It was announced last week that, for the first time, it may become an offence for someone who is under 18 to try to purchase alcohol at a bar. Many people in the industry and in government have put much effort into the pass scheme, which will permit the use of a commonly recognised proof-of-age card throughout the country. That will be popular with many 18-year-olds who experience social embarrassment if they have to prove their age. As a friendly gesture towards the hon. Member for Bath, I ask him to reflect on his view because I have seen what some of my Whips and perhaps less scrupulous friends have done with Liberal promises in the past. I fear that the hon. Gentleman has given a hostage to fortune on 16-year-olds drinking.

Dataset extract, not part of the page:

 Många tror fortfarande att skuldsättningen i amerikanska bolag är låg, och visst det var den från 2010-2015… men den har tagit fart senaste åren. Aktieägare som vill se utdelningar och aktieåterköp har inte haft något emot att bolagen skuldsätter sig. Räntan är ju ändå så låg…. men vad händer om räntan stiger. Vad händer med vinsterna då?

I want to put the subject of the debate in context. At the weekend, I looked at a picture the like of which we have all become familiar with in recent weeks on television and in newspapers. It depicts several young men fighting in the background, an older man falling over with a drink still in his hand and some young women who are clearly inebriated. It was an engraving by Hogarth in 1761 entitled "Gin Lane". I do not say that to diminish the current problem—we clearly have a problem with binge drinking, which has been graphically described—but to illustrate the fact that the problem has occupied the House many times over the years.

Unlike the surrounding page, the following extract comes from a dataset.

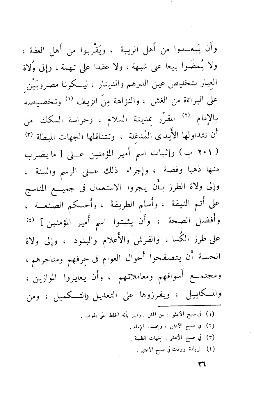 وَأَن يبعدوا من أهل الرِّيبَة ويقربوا من أهل الْعِفَّة وَلَا يمضوا بيعا على شُبْهَة وَلَا عقدا على تُهْمَة وَإِلَى وُلَاة الْعيار بتخليص عين الدِّرْهَم وَالدِّينَار ليكونا مضروبين على الْبَرَاءَة من الْغِشّ والنزاهة من الزيف وتخصيصه بِالْإِمَامِ الْمُقَرّر بِمَدِينَة السَّلَام وحراسة السكَك من أَن تتداولها الْأَيْدِي المدغلة وتتناقلها الْجِهَات المبطلة 201 ب وَإِثْبَات اسْم أَمِير الْمُؤمنِينَ على مَا يضْرب مِنْهَا ذَهَبا وَفِضة وإجراء ذَلِك على الرَّسْم وَالسّنة وَإِلَى وُلَاة الطرز بِأَن يجروا الِاسْتِعْمَال فِي جَمِيع المناسج على أتم النيقة وَأسلم الطَّرِيقَة وَأحكم الصَّنْعَة وَأفضل الصِّحَّة وَأَن يثبتوا اسْم أَمِير المؤم على طرز الكسا والفرش والأعلام والبنود وَإِلَى وُلَاة الْحِسْبَة أَن يتصفحوا أَحْوَال الْعَوام فِي حرفهم ومتاجرهم ومجتمع أسواقهم ومعاملاتهم وَأَن يعايروا الموازين والمكاييل ويفرزوها على التَّعْدِيل والتكميل وَمن

I contend that we have had a century-long experiment in fixed opening hours and closing times for pubs, ever since Lloyd George proclaimed when he introduced the liquor licensing laws that we were fighting three enemies: the Hun, the Austrians and the drink, and that the greatest was the drink. Since then, our licensing laws have been framed in that context. I believe that they encourage binge drinking. The various early-day motions that support the Government were not generally inspired by big pub companies or civil servants with links to such companies. I shall not embarrass hon. Members by reading out the names of some who signed the early-day motions in the previous Session and the previous Parliament.

The early-day motions were largely inspired by CAMRA, the Campaign for Real Ale. It is unfair to characterise its members as middle-aged men with beards. Its current president is a woman and it represents beer drinkers of all ages. However, it does not represent the cutting-edge youth drinking market yet it supports more flexible opening hours. The right hon. Member for North-West Hampshire mentioned the phrase "the night-time economy." He is probably right that it is a bit of a new Labour phrase but the words have tripped off my lips occasionally.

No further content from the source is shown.